I use a Weber portable barbecue which tucks neatly in one of the bed boxes when not needed, and can sit either on the heat-proof top of our outdoor table or on a couple of thermalite breeze blocks when I can't be bothered to get the table out.

The food always tastes great, I love using it, and will never surrender to the false charms of a gas so-called barbecue. So there!

(Agree that those disposable ones are rubbish though. Even worse than gas).


----------



## baldybazza

Back in the dim distant past when the kids came with us in an old trailer tent we ued to strap a full-sized charcoal barbeque on wheels on top of the trailer tent while travelling, complete with a thick paper bag of charcoal.Problems started when we drove through a heavy downpour in France, the bag disintegrated and the charcoal was bouncing along the road behind us.Ah happy days :lol: . 
These days we use an Outback portable gas barbeque with a cast-iron griddle 
-works a treat and quick enough for breakfast bacon sarnies too - yum  

Barrie


----------



## Telbell

What about electric bbq's? No option on the Poll!

We use what we call "Baby George" (smaller sized George Foreman with Grill one side and griddle the other) when on EHU and instant (disposable) bbq when not.

Advantage of "Baby George" is that it can be used on kitchen work surface if it';s naff weather or raining outside.


----------



## taildj

Like Many others we use a Cadac. They are versatile, as you can BBQ, use as an oven, roast, fry etc, They are easy to clean, pack away, & and actually, do what all the advertising material says it will do.

This piece of equipment, along with the ramoska, are things that are indespensable when M'homing as far as I am concerned. Further they also get used at home.

David


----------



## timbop37

geraldandannie said:


> ....Camping Gaz Party Grill


Gerald, with Annie being Veggie, is that a party for one?
I think you need to put your foot down with a firm hand before these veggies take over.

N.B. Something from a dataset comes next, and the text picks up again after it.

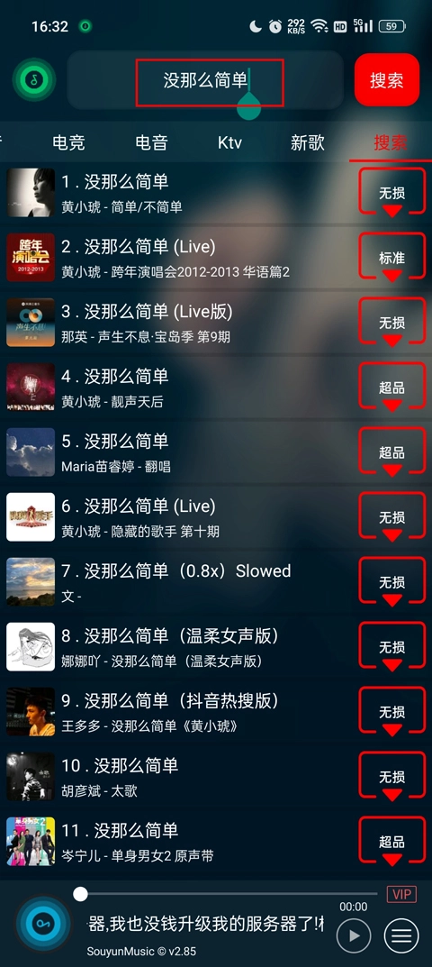 3、搜索到之后,点击这首音乐右边的无损按钮;

Seriously, though, my wife has been veggie for 25 years but we still have a Cadac which has been great. You can cook pizzas, omelettes, etc, apart from the usual stuff.


----------



## geraldandannie

timbop37 said:


> I think you need to put your foot down with a firm hand before these veggies take over.


Hi Tim

I know. Mind you, I don't think I'm wasting away for lack of cooked animal produce. 8O

We usually eat non-meat, as it's easier to cook just one type of meal. We both eat fish.

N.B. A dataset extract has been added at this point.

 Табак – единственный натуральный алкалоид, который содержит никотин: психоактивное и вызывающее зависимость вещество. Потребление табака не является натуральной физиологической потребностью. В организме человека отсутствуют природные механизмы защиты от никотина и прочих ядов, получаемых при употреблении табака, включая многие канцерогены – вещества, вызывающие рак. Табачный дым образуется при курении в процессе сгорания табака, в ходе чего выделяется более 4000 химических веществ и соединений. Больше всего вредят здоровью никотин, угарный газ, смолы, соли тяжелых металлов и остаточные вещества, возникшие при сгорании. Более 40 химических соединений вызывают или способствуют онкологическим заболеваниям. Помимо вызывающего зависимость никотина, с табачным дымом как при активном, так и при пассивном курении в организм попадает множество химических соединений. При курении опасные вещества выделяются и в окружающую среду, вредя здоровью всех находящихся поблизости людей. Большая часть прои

On choir night, she eats in town, so I get to choose what to have for tea. So generally it's off to Sainbury's for some steak  Except tonight, since our son's girlfriend is staying with us while she does an internship up town, and she doesn't eat red meat :evil: It looks like it might be a chicken night tonight :wink:



timbop37 said:


> Seriously, though, my wife has been veggie for 25 years but we still have a Cadac which has been great.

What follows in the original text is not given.